Yeah, that’s the thing, I feel like artists in their lane get a bad rap for not being good enough writers but it’s just a different delivery of it. I find joy in the sense of humor in it. There’s so many Thug bars that make me laugh or the way he might say something just kinda makes you scratch your head. But like Anakin was saying, you don’t have to pigeonhole yourself into one certain style. Even when it comes to just being a consumer.


Fly Anakin: I was just being a kid about it. Like, “I gotta do this and only this” because I was listening to straight Wu-Tang and fuckin’ Nas and Biggie all fuckin’ day. High school was a drag.


Henny L.O.: Yeah, word. Looking back we was damn near trying to be rebellious to times changing for real, for real.


Fly Anakin: On God! And that was the lamest part!

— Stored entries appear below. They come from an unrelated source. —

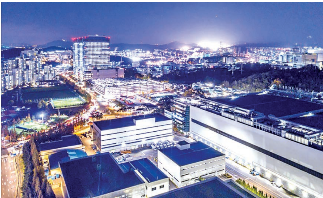
Samsung Group is by far the biggest of the family-controlled conglomerates in South Korea.

"Honey production has dropped," he said pointing to the challenges of exporting during wartime and the logistical difficulties of keeping bees. ■
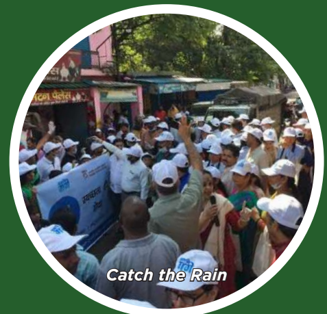
Catch the Rain
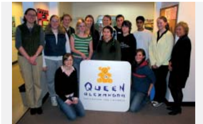
The 2004/05 Queen Alexandra Foundation's Youth Advisory Council
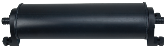
Without Heat Shield

Hose clamps must used in accordance with ABYC Fuel System Vent Hose Clamping Standards (H24 Table 3). The clamp must not distort the fitting on the canister when tightened. Leak test system per CFR33 requirements. Canister may not be pressurized to more than 5 psi.
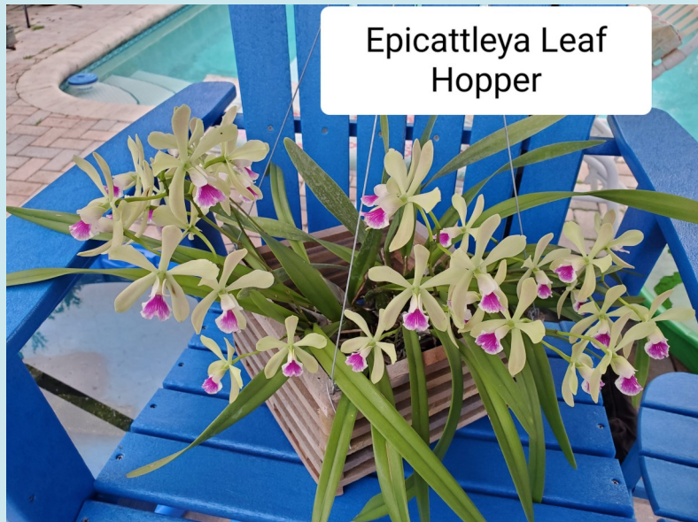
Epicattleya Leaf Hopper
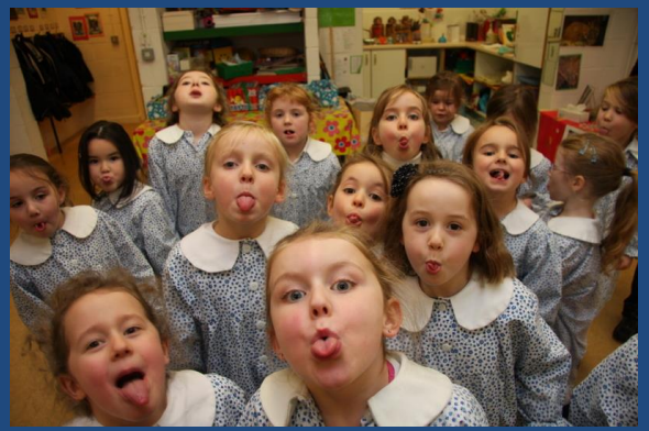
We learned that some of us can roll our tongues and touch our noses with our tongues too!

The wait for Santa will not be much longer and I have full confidence that all the girls will be on the 'Nice list'

For the new record, do y’all have plans to put out physical records? How does that go into the creative direction for whenever you guys are piecing together a body of work?


Henny L.O.: I mean we still fans too. That shit fun to us. Yeah, muhfuckas sell merch and all that, but I like artwork. I like being able to look and see the credits on some nerdy, fun fact shit. Seeing who did what, who said what, and who produced what. It’s always important to do that shit.


Fly Anakin: One summer when I was a kid, probably like 13-14, I was downloading OD illegal music, just going on Pirate Bay and downloading n****s’ whole discographies and shit. It got to the point when I was like “Ight I like this album,” and I wanted to have the physical copies of shit. But when I go about making physical shit, like the Skinemaxxx vinyl, I try to max and do all the coolest shit that I can do. I definitely got one of the best vinyl packages ever and that’s what it came from.


Obviously you guys have years worth of songs on the backend. Are y’all piecing together a tracklist of both old and new songs?


Henny L.O.: We being real meticulous about it. Some stuff still smack years later, some of it don’t, you feel me? All of us have gotten a lot better too. We not leaving nothing on the table. And like I said we really fuck with each other, so honesty don’t necessarily cause no disruption within our function. We get to it and we just make it happen. So when I say we on probably our fifth version of this album, it’s literally that, because we either keep getting better or circumstances just change.


What’s the long-term vision past this album?


Big Kahuna OG: This for the bitches. *laughs*


Henny L.O.: It is very much for that.


Fly Anakin: What I really wanna do is have the group be able to move around and do shit together or separate. Without too much pushback from anybody. I just want everybody to be respected, basically. Respected and paid. Whatever happens after that is gon’ happen.